Sentiment analysis is tough—not as in strict, like a teacher is tough, or in resilient, like a marathoner is tough. More like hard, like an AP calculus test is tough. Not hard, like a block of concrete is hard. Hard, as in difficult. Eh, nevermind.
A colleague of mine just sent me a piece from the Miller-McCune site discussing a flawed mood study about September 11 pager text messages.
Researchers from Johannes Gutenberg University in Germany had concluded that there was an escalating level of “anger” words communicated to pagers as time passed on September 11 (here’s the study). I’ve included the original data graph in this post.
A separate study by a psychologist from Clemson University later discovered that 36 percent of the “anger” words were computer-generated instructions to reboot pagers, each including the word “critical.” In this instance, “critical” meant important.
This unfortunate oversight highlights how important it is to determine relevancy and context when coding sentiment.
The original researchers used a popular text analysis software program, Linguistic Inquiry and Word Count (LIWC), to code the sentiment of the pager text (these transcripts had been released to the public by Wikileaks in 2009). As the LIWC team explains on their site, “With a click of a button, you can determine the degree any text uses positive or negative emotions, self-references, causal words, and 70 other language dimensions.”
Clearly, LIWC is a powerful piece of software. In fact, it’s leveraged by Facebook to produce the Facebook Gross National Happiness Index, which determines whether user posts are positive or negative.
For the past 18 months, my colleagues and I at Dialogue Earth have been developing Pulse, a tool to determine trends in sentiment expressed in the social media.
After evaluating machine-based sentiment products and talking to experts in the field, we determined that effective machine-based coding—for the short, often cryptic, Twitter tweets we sought to understand—remained a challenge. We’ve been using an approach that relies mainly on crowd-sourced workers to code the sentiment of tweets on various topics, from specific chatter about Google and Apple during SXSW Interactive, to the broad public mood about weather and gas prices.
One goal has been to determine which text are truly relevant, and to create rules and instructions for interpreting the context of a particular word or phrase.
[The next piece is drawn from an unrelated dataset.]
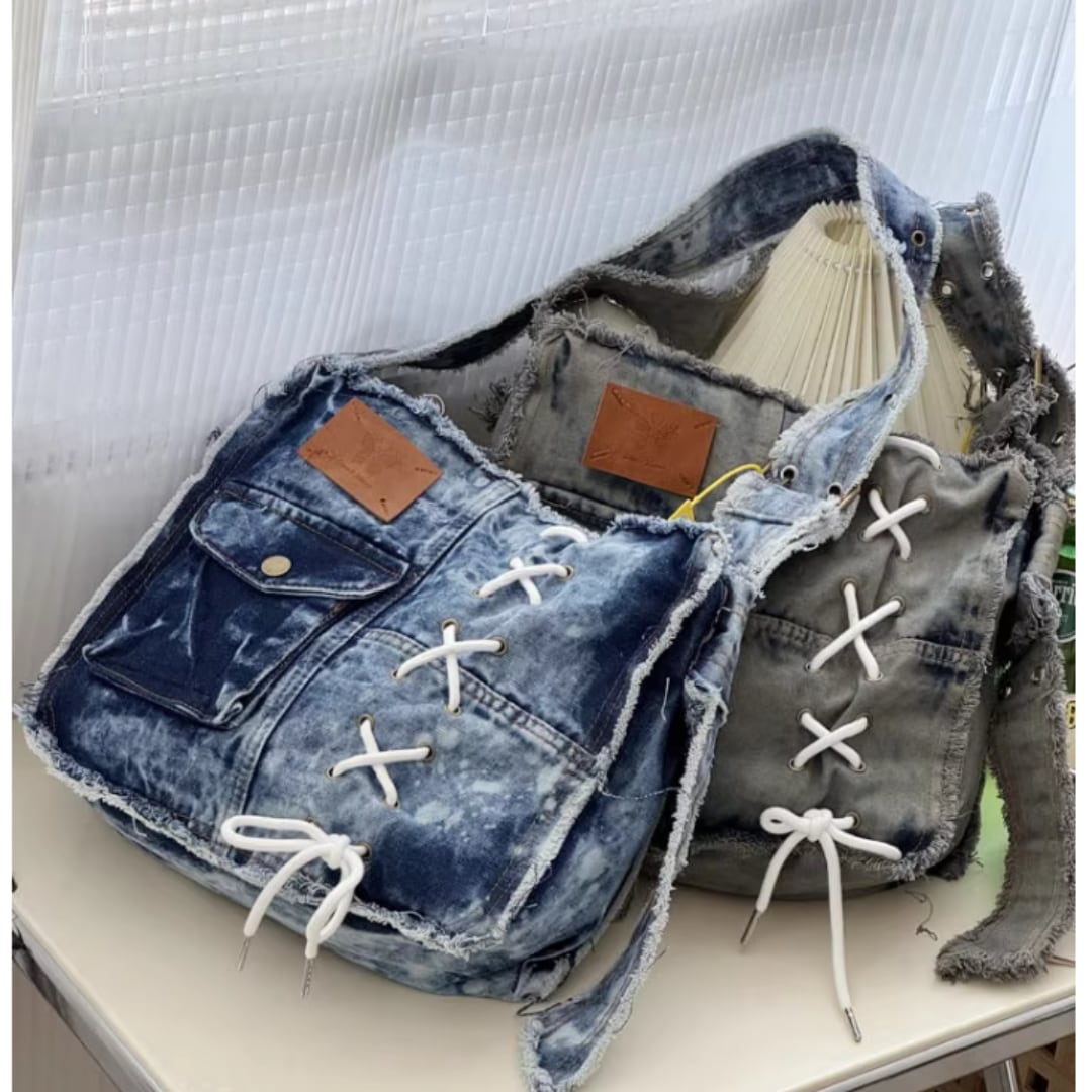 ユーズド風のデニム素材を使用したメッセンジャーバッグ。

My colleague has written about our approach to developing quality controls with a crowd-sourced workforce.
Before the crowd gets an assignment, we have scripts running on the front end to filter in only the tweets that are most relevant to whatever question we’re aiming to answer, and to identify duplicate text.
To be clear, I’m not faulting automated sentiment analysis. I envision a future state of Pulse where the majority of sentiment coding is done by algorithms, with humans only taking on text units for which the computer algorithms indicate low confidence.
In a previous post, I wrote a response to a piece in Social Times about automated sentiment in which I expressed our hope for human coded sentiment. The author, Dr. Taras Zagibalov, makes solid points that automated systems perform best when their classifier is tuned for a particular domain (subject matter) and is constantly updated to remain current.
As I reflect on how it that German research team might be kicking themselves for not filtering out the “critical reboot” pager messages (relevant to the volume of text, perhaps, but not to the sentiment), I’m reminded how critical it is to understand one’s data before drawing major conclusions.